One solution that I have employed is to do this:
1) Create a custom management command, e.g.
python manage.py my_cool_command
2) Use cron (on Linux) or at (on Windows) to run my command at the required times.
This is a simple solution that doesn't require installing a heavy AMQP stack. However there are nice advantages to using something like Celery, mentioned in the other answers. In particular, with Celery it is nice to not have to spread your application logic out into crontab files. However the cron solution works quite nicely for a small to medium sized application and where you don't want a lot of external dependencies.
EDIT:
In later version of windows the at command is deprecated for Windows 8, Server 2012 and above. You can use schtasks.exe for same use.
**** UPDATE ****
This the new link of django doc for writing the custom management command
Celery is a distributed task queue, built on AMQP (RabbitMQ). It also handles periodic tasks in a cron-like fashion (see periodic tasks). Depending on your app, it might be worth a gander.

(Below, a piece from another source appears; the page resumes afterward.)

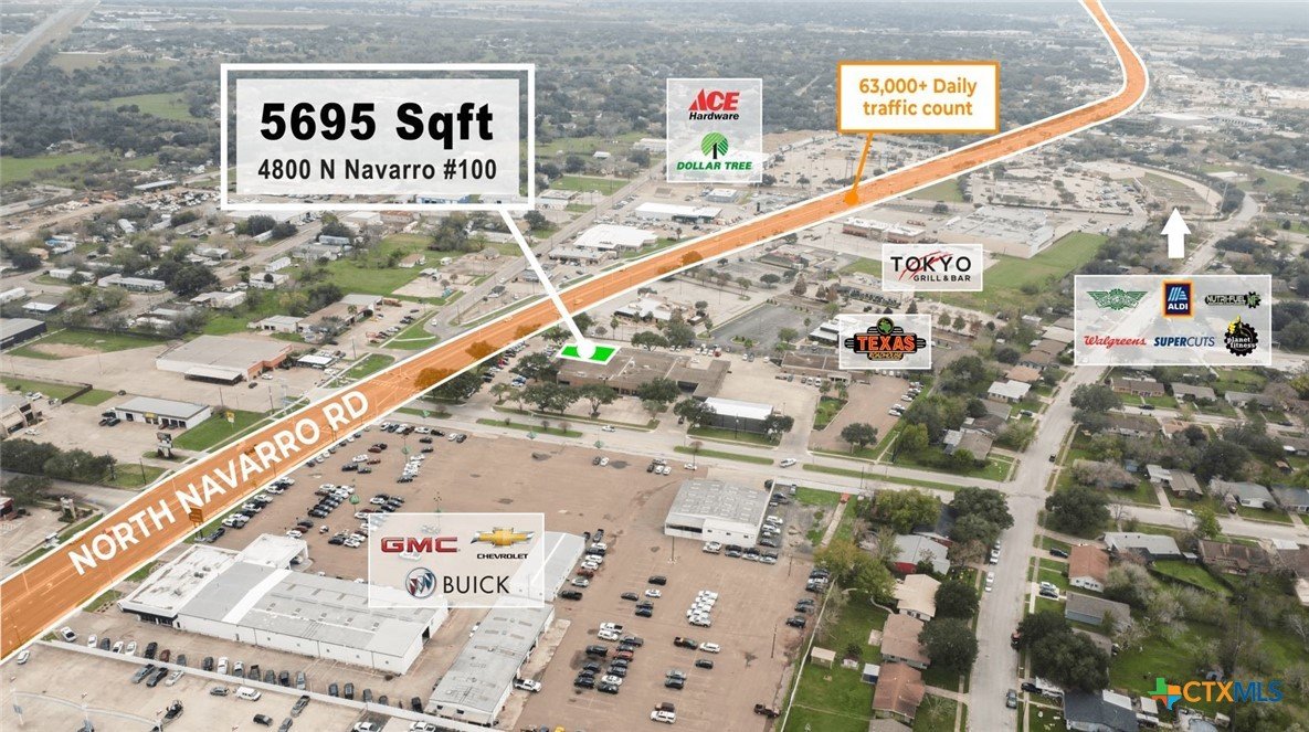 Located at 4800 N. Navarro, Suite 100, this prime commercial space offers unmatched visibility along one of Victoria’s busiest corridors, with over 63,000 vehicles passing daily. The suite features a welcoming foyer and lobby with a front desk, four private conference rooms, a spacious executive conference room, two restrooms, and a break room. A unique vault area has been thoughtfully divided into three separate spaces, providing secure and flexible options for storage or private offices. The open area allows for customizable workspace configurations, making this location ideal for a wide range of professional or retail uses.

Celery is pretty easy to set up with django (docs), and periodic tasks will actually skip missed tasks in case of a downtime. Celery also has built-in retry mechanisms, in case a task fails.
We've open-sourced what I think is a structured app. that Brian's solution above alludes too. We would love any / all feedback!
https://github.com/tivix/django-cron
It comes with one management command:
./manage.py runcrons
That does the job. Each cron is modeled as a class (so its all OO) and each cron runs at a different frequency and we make sure the same cron type doesn't run in parallel (in case crons themselves take longer time to run than their frequency!)
If you're using a standard POSIX OS, you use cron.
If you're using Windows, you use at.
Write a Django management command to
Figure out what platform they're on.
Either execute the appropriate "AT" command for your users, or update the crontab for your users.
Interesting new pluggable Django app: django-chronograph
You only have to add one cron entry which acts as a timer, and you have a very nice Django admin interface into the scripts to run.
Look at Django Poor Man's Cron which is a Django app that makes use of spambots, search engine indexing robots and alike to run scheduled tasks in approximately regular intervals
See: http://code.google.com/p/django-poormanscron/
I had exactly the same requirement a while ago, and ended up solving it using APScheduler (User Guide)
It makes scheduling jobs super simple, and keeps it independent for from request-based execution of some code. Following is a simple example.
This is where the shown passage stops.